(Beginning of STORED DATA)

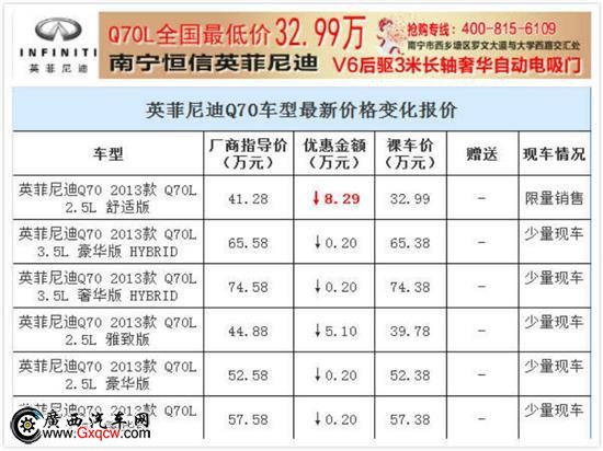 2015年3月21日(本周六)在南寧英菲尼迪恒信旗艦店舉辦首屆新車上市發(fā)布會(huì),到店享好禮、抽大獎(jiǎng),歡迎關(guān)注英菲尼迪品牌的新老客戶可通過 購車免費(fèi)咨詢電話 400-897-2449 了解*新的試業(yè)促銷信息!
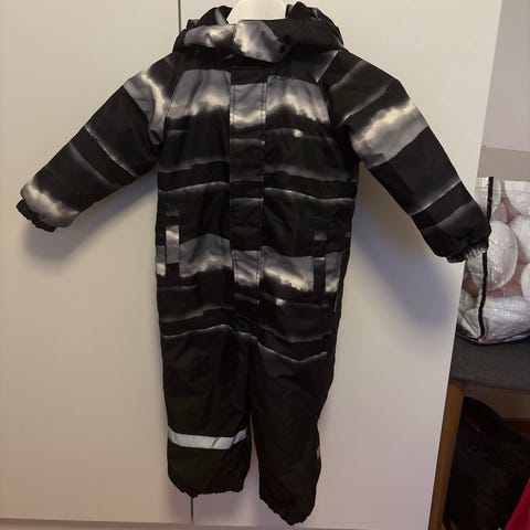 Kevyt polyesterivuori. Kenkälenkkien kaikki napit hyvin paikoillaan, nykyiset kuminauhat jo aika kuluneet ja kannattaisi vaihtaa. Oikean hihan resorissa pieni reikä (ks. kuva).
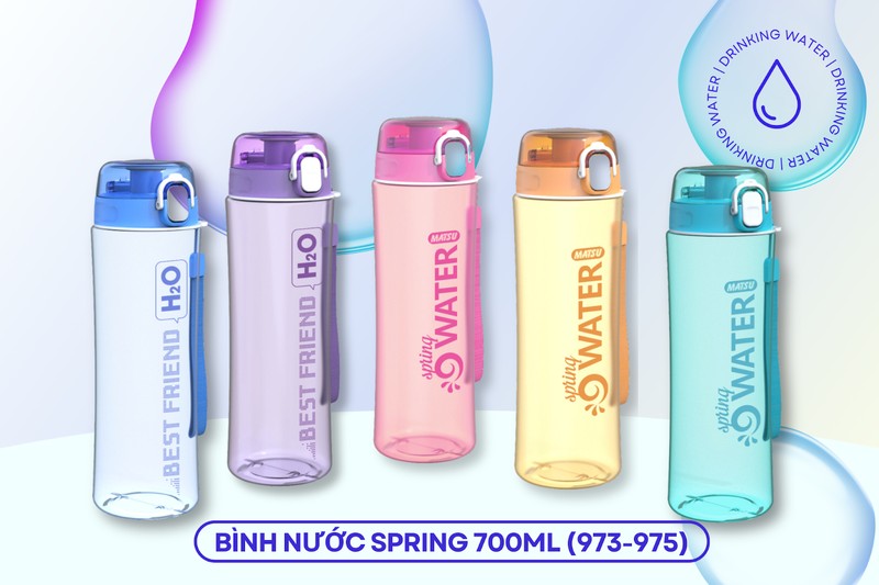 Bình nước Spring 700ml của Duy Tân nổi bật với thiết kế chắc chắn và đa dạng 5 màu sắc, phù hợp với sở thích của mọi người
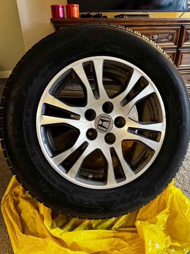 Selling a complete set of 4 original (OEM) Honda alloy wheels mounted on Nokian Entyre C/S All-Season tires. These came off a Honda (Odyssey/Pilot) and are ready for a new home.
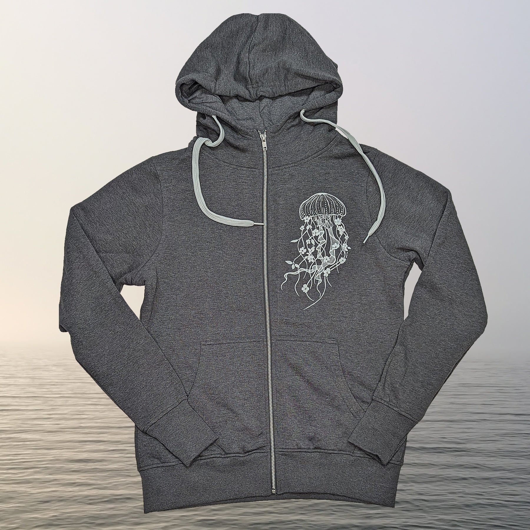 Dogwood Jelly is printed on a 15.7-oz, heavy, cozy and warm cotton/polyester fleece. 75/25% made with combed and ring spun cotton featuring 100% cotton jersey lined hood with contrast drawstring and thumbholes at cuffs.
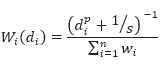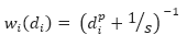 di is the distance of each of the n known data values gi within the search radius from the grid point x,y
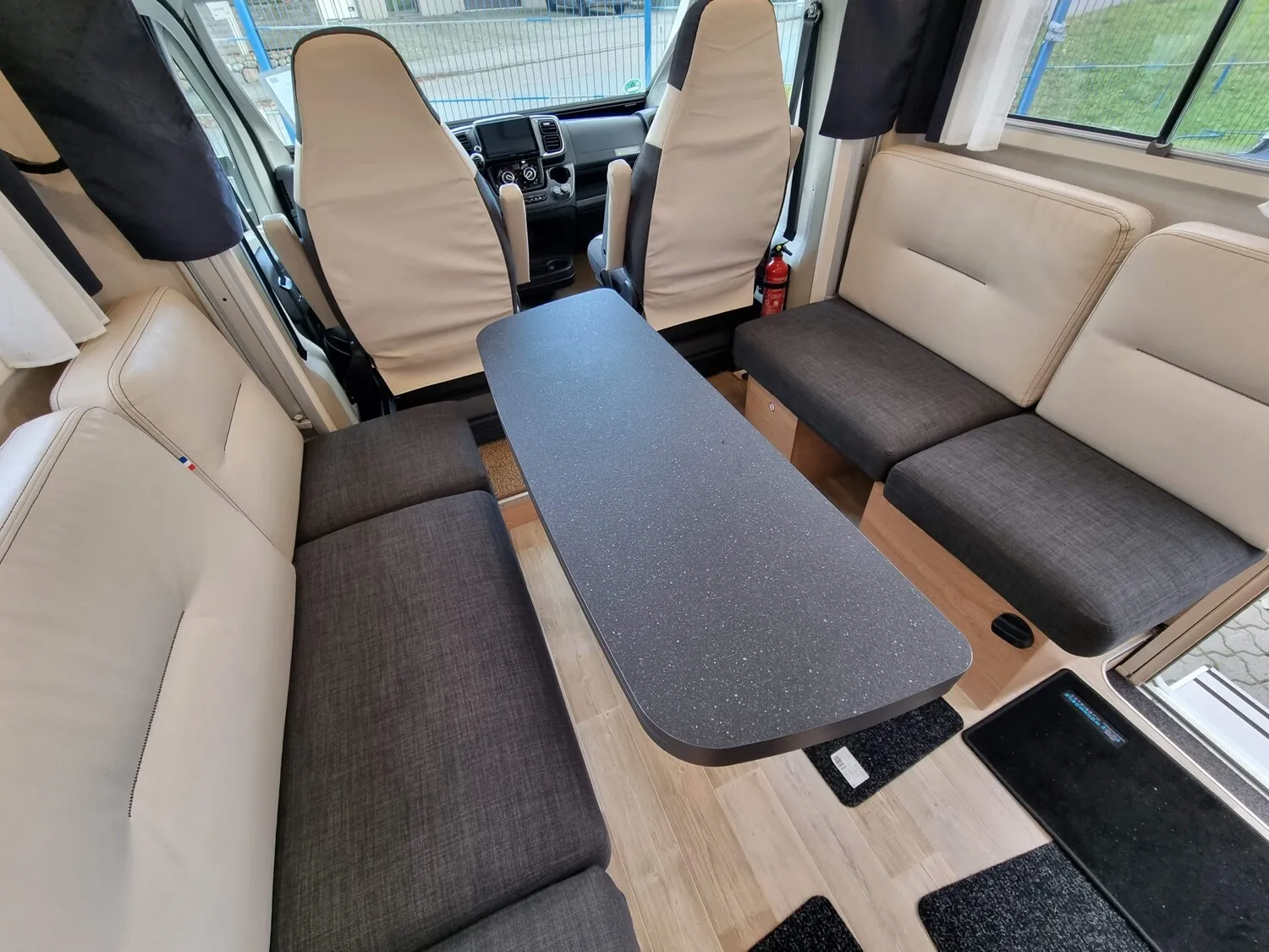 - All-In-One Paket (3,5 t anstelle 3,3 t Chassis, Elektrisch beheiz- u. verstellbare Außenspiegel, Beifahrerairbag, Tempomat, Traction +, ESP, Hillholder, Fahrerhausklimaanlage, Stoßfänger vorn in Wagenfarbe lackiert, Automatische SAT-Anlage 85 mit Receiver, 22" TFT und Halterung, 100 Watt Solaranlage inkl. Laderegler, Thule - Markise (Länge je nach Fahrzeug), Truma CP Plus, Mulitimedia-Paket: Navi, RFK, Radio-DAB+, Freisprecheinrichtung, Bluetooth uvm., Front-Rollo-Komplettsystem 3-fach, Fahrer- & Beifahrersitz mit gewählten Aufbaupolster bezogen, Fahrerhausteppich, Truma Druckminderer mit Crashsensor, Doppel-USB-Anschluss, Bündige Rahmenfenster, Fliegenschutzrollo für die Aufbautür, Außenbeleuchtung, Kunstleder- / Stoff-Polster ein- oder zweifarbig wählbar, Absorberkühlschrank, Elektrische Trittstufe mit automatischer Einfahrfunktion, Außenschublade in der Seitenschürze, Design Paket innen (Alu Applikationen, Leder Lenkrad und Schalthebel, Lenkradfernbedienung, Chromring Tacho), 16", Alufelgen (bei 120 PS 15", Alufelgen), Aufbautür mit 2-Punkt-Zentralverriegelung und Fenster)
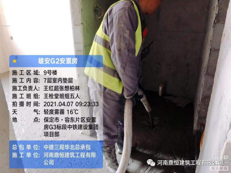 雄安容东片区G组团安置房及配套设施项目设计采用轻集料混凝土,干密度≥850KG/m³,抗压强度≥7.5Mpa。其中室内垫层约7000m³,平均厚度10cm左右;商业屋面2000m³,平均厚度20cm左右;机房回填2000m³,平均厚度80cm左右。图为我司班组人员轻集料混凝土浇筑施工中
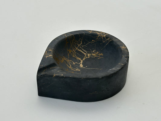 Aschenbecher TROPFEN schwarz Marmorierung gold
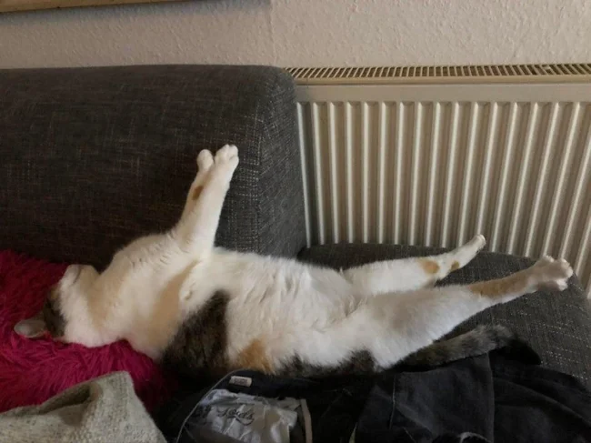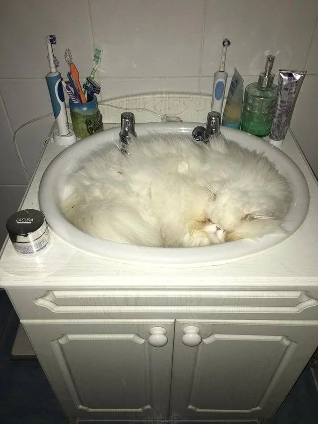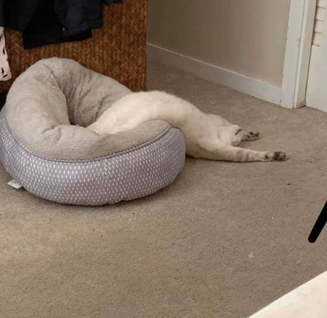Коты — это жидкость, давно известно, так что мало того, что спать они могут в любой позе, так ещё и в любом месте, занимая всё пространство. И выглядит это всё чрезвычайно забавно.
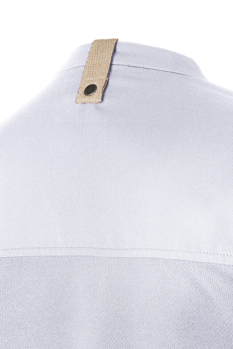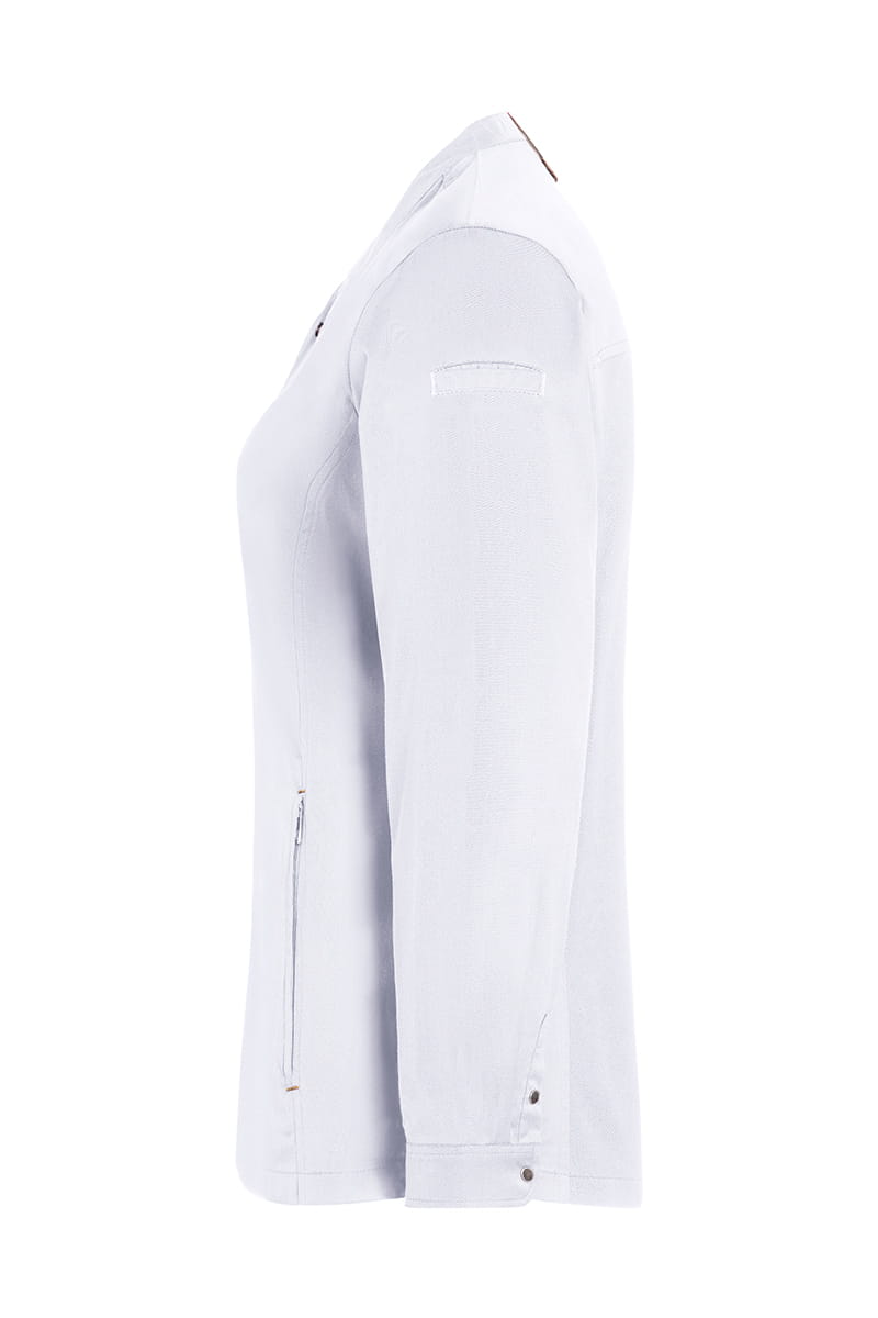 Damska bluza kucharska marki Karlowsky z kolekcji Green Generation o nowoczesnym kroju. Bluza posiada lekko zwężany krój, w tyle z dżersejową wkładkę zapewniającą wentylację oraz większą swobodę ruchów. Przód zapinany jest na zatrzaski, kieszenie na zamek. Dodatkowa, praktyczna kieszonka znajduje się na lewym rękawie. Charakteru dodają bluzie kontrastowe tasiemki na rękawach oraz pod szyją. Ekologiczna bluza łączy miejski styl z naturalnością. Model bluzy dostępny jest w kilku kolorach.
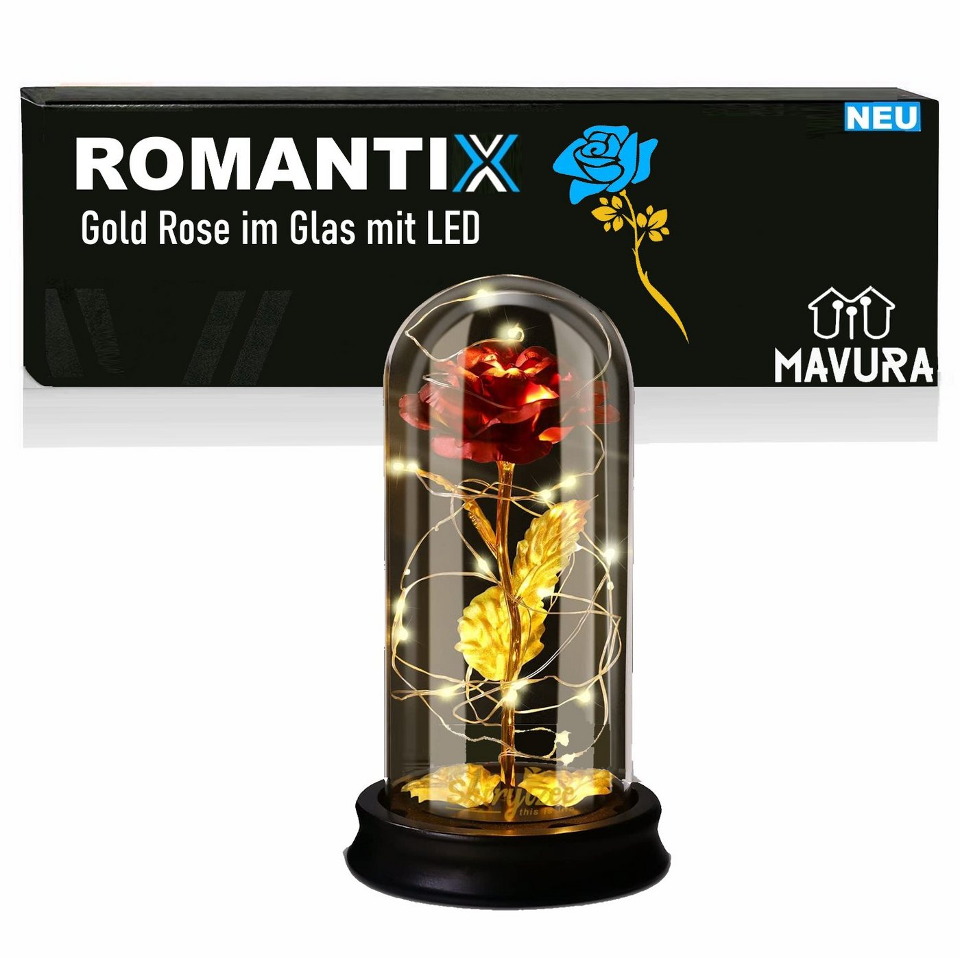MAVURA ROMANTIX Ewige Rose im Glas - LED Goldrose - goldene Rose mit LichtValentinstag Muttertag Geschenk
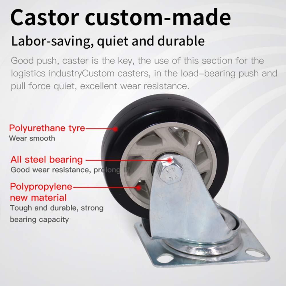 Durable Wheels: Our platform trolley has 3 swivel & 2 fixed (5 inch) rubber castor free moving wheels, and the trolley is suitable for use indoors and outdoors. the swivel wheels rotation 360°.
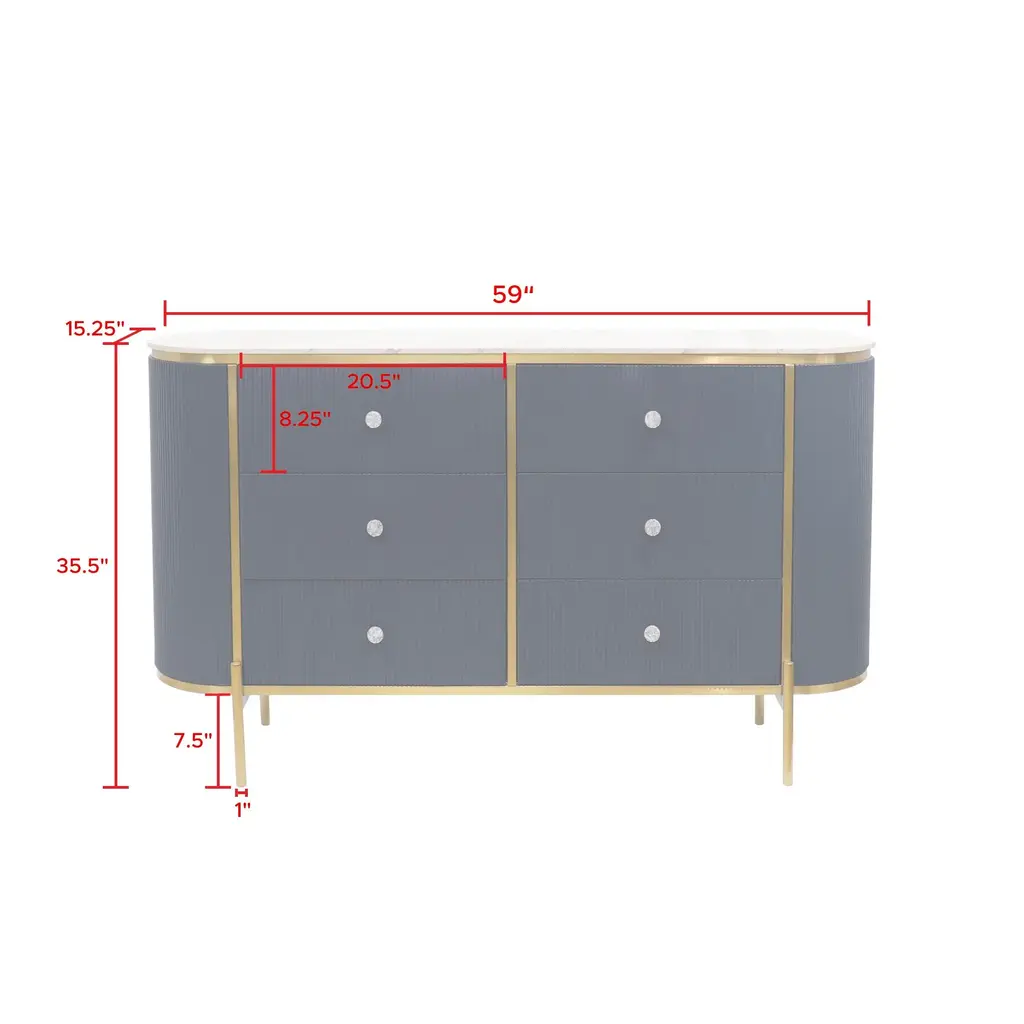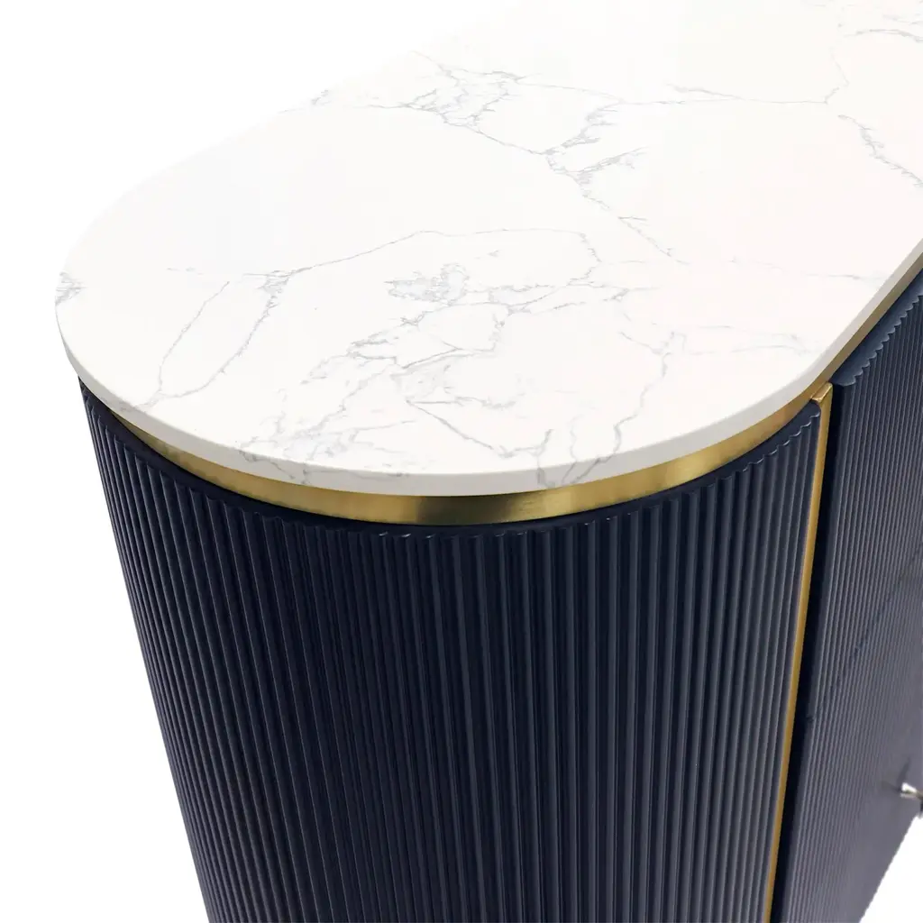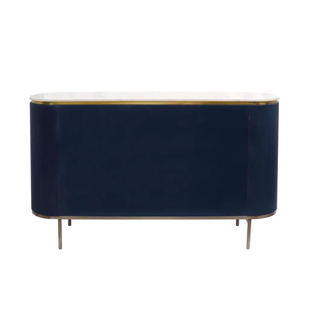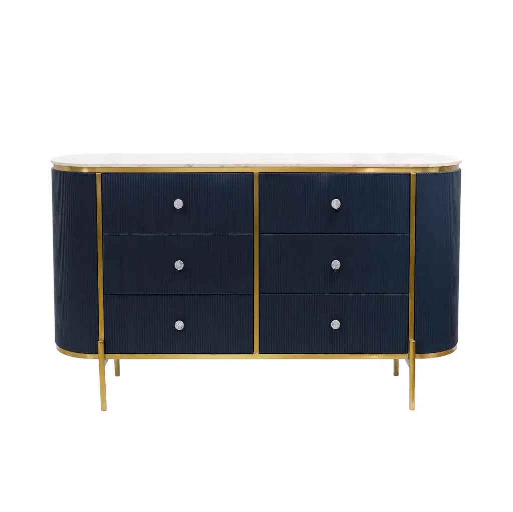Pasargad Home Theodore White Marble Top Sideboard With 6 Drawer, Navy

(End of STORED DATA)

• **EXERCISE DESCRIPTION**: Copy out the entries exactly. No pictures.

• **WORKED SOLUTION**:
 2015年3月21日(本周六)在南寧英菲尼迪恒信旗艦店舉辦首屆新車上市發(fā)布會(huì),到店享好禮、抽大獎(jiǎng),歡迎關(guān)注英菲尼迪品牌的新老客戶可通過 購車免費(fèi)咨詢電話 400-897-2449 了解*新的試業(yè)促銷信息!
 Kevyt polyesterivuori. Kenkälenkkien kaikki napit hyvin paikoillaan, nykyiset kuminauhat jo aika kuluneet ja kannattaisi vaihtaa. Oikean hihan resorissa pieni reikä (ks. kuva).
 Bình nước Spring 700ml của Duy Tân nổi bật với thiết kế chắc chắn và đa dạng 5 màu sắc, phù hợp với sở thích của mọi người
 Selling a complete set of 4 original (OEM) Honda alloy wheels mounted on Nokian Entyre C/S All-Season tires. These came off a Honda (Odyssey/Pilot) and are ready for a new home.
 Dogwood Jelly is printed on a 15.7-oz, heavy, cozy and warm cotton/polyester fleece. 75/25% made with combed and ring spun cotton featuring 100% cotton jersey lined hood with contrast drawstring and thumbholes at cuffs.
 di is the distance of each of the n known data values gi within the search radius from the grid point x,y
 - All-In-One Paket (3,5 t anstelle 3,3 t Chassis, Elektrisch beheiz- u. verstellbare Außenspiegel, Beifahrerairbag, Tempomat, Traction +, ESP, Hillholder, Fahrerhausklimaanlage, Stoßfänger vorn in Wagenfarbe lackiert, Automatische SAT-Anlage 85 mit Receiver, 22" TFT und Halterung, 100 Watt Solaranlage inkl. Laderegler, Thule - Markise (Länge je nach Fahrzeug), Truma CP Plus, Mulitimedia-Paket: Navi, RFK, Radio-DAB+, Freisprecheinrichtung, Bluetooth uvm., Front-Rollo-Komplettsystem 3-fach, Fahrer- & Beifahrersitz mit gewählten Aufbaupolster bezogen, Fahrerhausteppich, Truma Druckminderer mit Crashsensor, Doppel-USB-Anschluss, Bündige Rahmenfenster, Fliegenschutzrollo für die Aufbautür, Außenbeleuchtung, Kunstleder- / Stoff-Polster ein- oder zweifarbig wählbar, Absorberkühlschrank, Elektrische Trittstufe mit automatischer Einfahrfunktion, Außenschublade in der Seitenschürze, Design Paket innen (Alu Applikationen, Leder Lenkrad und Schalthebel, Lenkradfernbedienung, Chromring Tacho), 16", Alufelgen (bei 120 PS 15", Alufelgen), Aufbautür mit 2-Punkt-Zentralverriegelung und Fenster)
 雄安容东片区G组团安置房及配套设施项目设计采用轻集料混凝土,干密度≥850KG/m³,抗压强度≥7.5Mpa。其中室内垫层约7000m³,平均厚度10cm左右;商业屋面2000m³,平均厚度20cm左右;机房回填2000m³,平均厚度80cm左右。图为我司班组人员轻集料混凝土浇筑施工中
 Aschenbecher TROPFEN schwarz Marmorierung gold
Коты — это жидкость, давно известно, так что мало того, что спать они могут в любой позе, так ещё и в любом месте, занимая всё пространство. И выглядит это всё чрезвычайно забавно.
 Damska bluza kucharska marki Karlowsky z kolekcji Green Generation o nowoczesnym kroju. Bluza posiada lekko zwężany krój, w tyle z dżersejową wkładkę zapewniającą wentylację oraz większą swobodę ruchów. Przód zapinany jest na zatrzaski, kieszenie na zamek. Dodatkowa, praktyczna kieszonka znajduje się na lewym rękawie. Charakteru dodają bluzie kontrastowe tasiemki na rękawach oraz pod szyją. Ekologiczna bluza łączy miejski styl z naturalnością. Model bluzy dostępny jest w kilku kolorach.
MAVURA ROMANTIX Ewige Rose im Glas - LED Goldrose - goldene Rose mit LichtValentinstag Muttertag Geschenk
 Durable Wheels: Our platform trolley has 3 swivel & 2 fixed (5 inch) rubber castor free moving wheels, and the trolley is suitable for use indoors and outdoors. the swivel wheels rotation 360°.
Pasargad Home Theodore White Marble Top Sideboard With 6 Drawer, Navy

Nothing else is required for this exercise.